In the 1960s and 1970s, Marseille's narcotics business was largely run by well-organised Corsican gangs. Since then, much of the activity has transferred to hashish and cocaine and is now in the hands of smaller, more disperse groups of youths in the poor, immigrant-heavy northern suburbs.

The FN's proposals to combat crime - including kicking out immigrant delinquents and hiring more police - resonate with some in the city. Others argue it ignores signs of buoyancy in the local economy and the fact most types of crime are falling.

"They kill each other to fight over (drug) territories," said Jean-Luc Chauvin, head of the local employers' federation.

"It's sad but it doesn't affect the average citizen or businesses."

Many residents say Marseille's problems stem from the split between the affluent palm tree-lined southern neighbourhoods by the sea and the concrete-jungle northern districts where most immigrants of North African origin live - a stark reminder of France's wider struggle to integrate such communities.
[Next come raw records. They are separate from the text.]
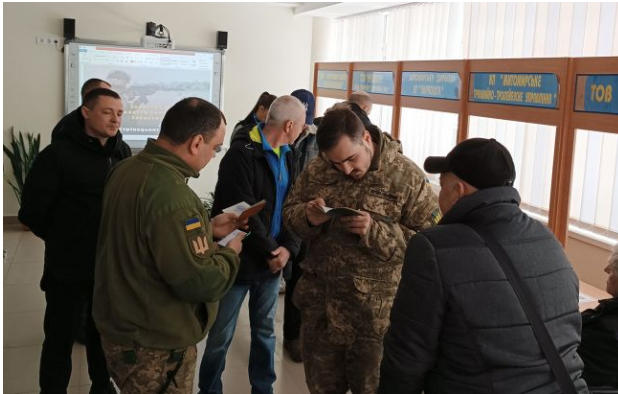
Мобілізація в Україні

Іноді в реєстрах можуть бути неправильні дані про облік військовозобов'язаних, а через це – проблеми у самих чоловіків: на папері людина може бути виключена з обліку, а в базі – порушник. Це дає поліції формальну підставу для затримання й доставки до ТЦК.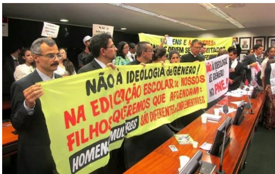
Figura 7 – Deputados a favor do Escola sem Partido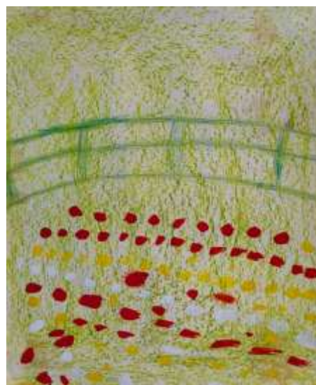
Bassin (inspiration Claude Monet)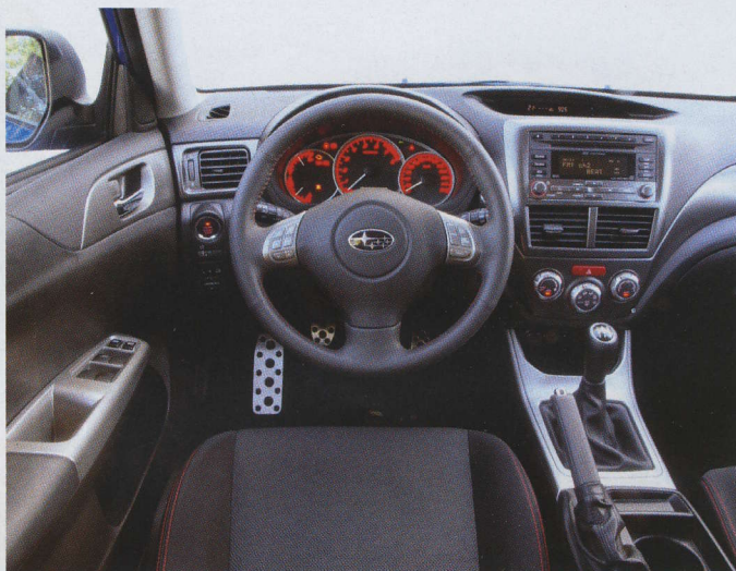
▲ Tvrdé černé plasty patří k Impreze stejně jako skvělá ergonomie řídicího pracoviště

Do standardní výbavy patří i xenonové přední světlomety, samočinná klimatizace, audiosystém s měničem na šest CD, tempomat, bezklíčové otevírání a startování tlačítkem. Stačí si tedy připlatit pouze necelých 12 tisíc korun za metalický lak a již nemáte nad čím přemýšlet, protože například navigační systém a bluetooth handsfree nebo systém SI-drive je určen výhradně pro model WRX STi.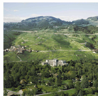
Lavaux - Evian (Photomontage Made in Genève)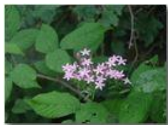
Centaurea minore (erythraea centaurium)

Pietro Marcheselli - Olympus Camedia 3000 <2001 - Estate - Savignone - Fiori&Fauna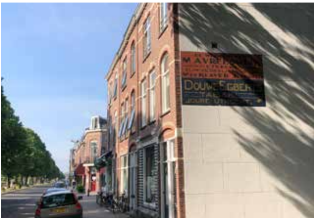
links: Jutfaseweg met gerestaureerde reclameschildering.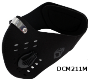
ダストシールドマスク DCM211M-BK / DCM211L-BK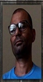
Abel Vida Loka

A guerrilha foi, pegou umas autoridades, aí falou: "Ó, dou tantos dias pra liberar."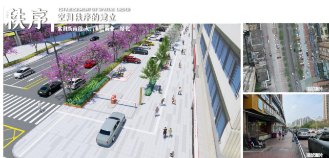
图4 紫荆路南段标准段设计

或者特色化，应该结合场地周边的特性，使用人群，及在地条件确定合理的功能及改造力度。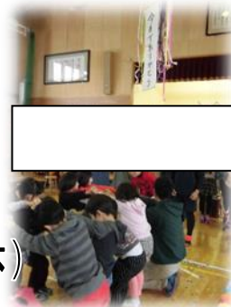
児童会役員選挙 6日(火)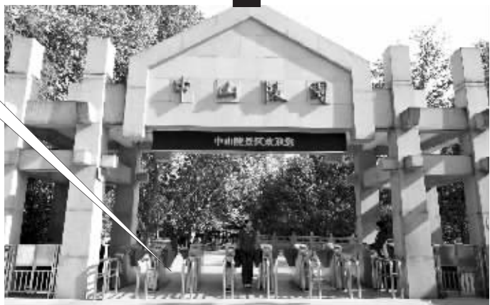
中间的显示屏将显示进园游客量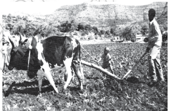
5.3. ጠንኪርካ ብምስራሕ ድኽነት ምውጋድ ይካኣል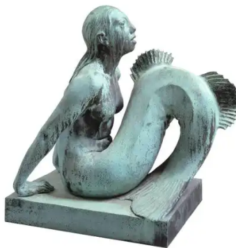
Havfrue (1921) Anne Marie Carl Nielsen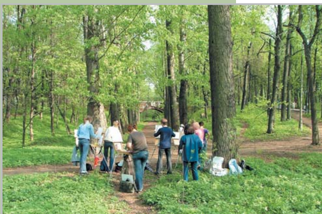
Фотография, сделанная во время этюдов.

1. Контуры должны наноситься легко, с небольшим нажимом. В этой картине нажим на карандаш был большим, чем положено, для наглядности иллюстрации.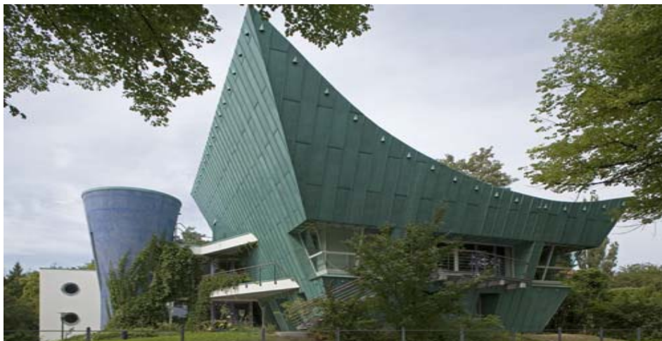
그림 10 Continuing Education Center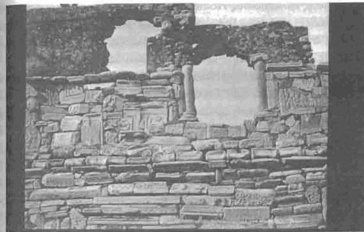
Εικόνα 4. Φωτογραφία του Bonfils (τέλη της δεκαετίας του 1860 ή αρχές της δεκαετίας του 1870) που δείχνει έναν τεχνητό τοίχο, πιθανότατα από τον πρώτο έλληνα αρχαιολόγο, τον Κ. Πιττάκη (Συλλογή Φωτογραφιών του Felix Bonfils. Τμήμα Χειρογράφων. Τμήμα Σπάνιων Βιβλίων και Ειδικών Συλλογών. Βιβλιοθήκη του Πανεπιστημίου του Πρίνστον. Αναπαραγωγή έπειτα από ειδική άδεια).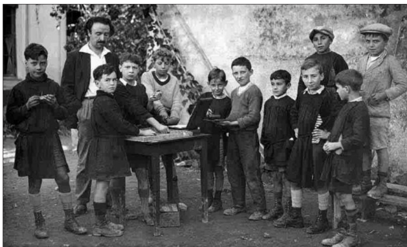
С. Френе с детьми

В 1965 г. в журнале «L'Éducateur» С. Френе, подводя итог своей 45-летней деятельности, констатирует факт официального признания многих его идей: его имя занимает достойное место рядом с такими именитыми педагогами-реформаторами конца XIX — начала XX вв., как О. Декроли, М. Монтессори, А. Феррьер, Э. Клапаред, Е. Паркхерст и др.; более того, методы педагогики Френе охот-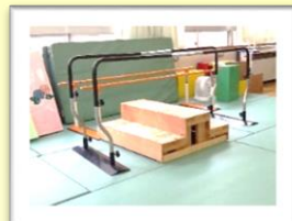
自立活動室では身体の動きを高める運動をしています

また、ICT教育の推進や障がい者スポーツ教育の充実にも力を入れており、今年度は、「心のバリアフリー教育地域拠点校」として、車いすバスケット体験やパラスポーツでの交流に取り組んでいます。

Mohammed Bensaada, a volunteer youth worker in the northern suburb of Busserine, gave the example of an engineering graduate from the area who remains unemployed a year after getting out of school - which Bensaada suspects is due to employers shying away from candidates with immigrant family names or a home address in the "wrong" part of town.

The anecdote reflects a view among many in Marseille that authorities are ignoring underlying social inequalities they believe drive young people to seek a life in crime.

"Police raids only treat the symptom - it's like saying you've got cancer

but I'll treat you for your cough," said Bensaada. "But it won't cure you."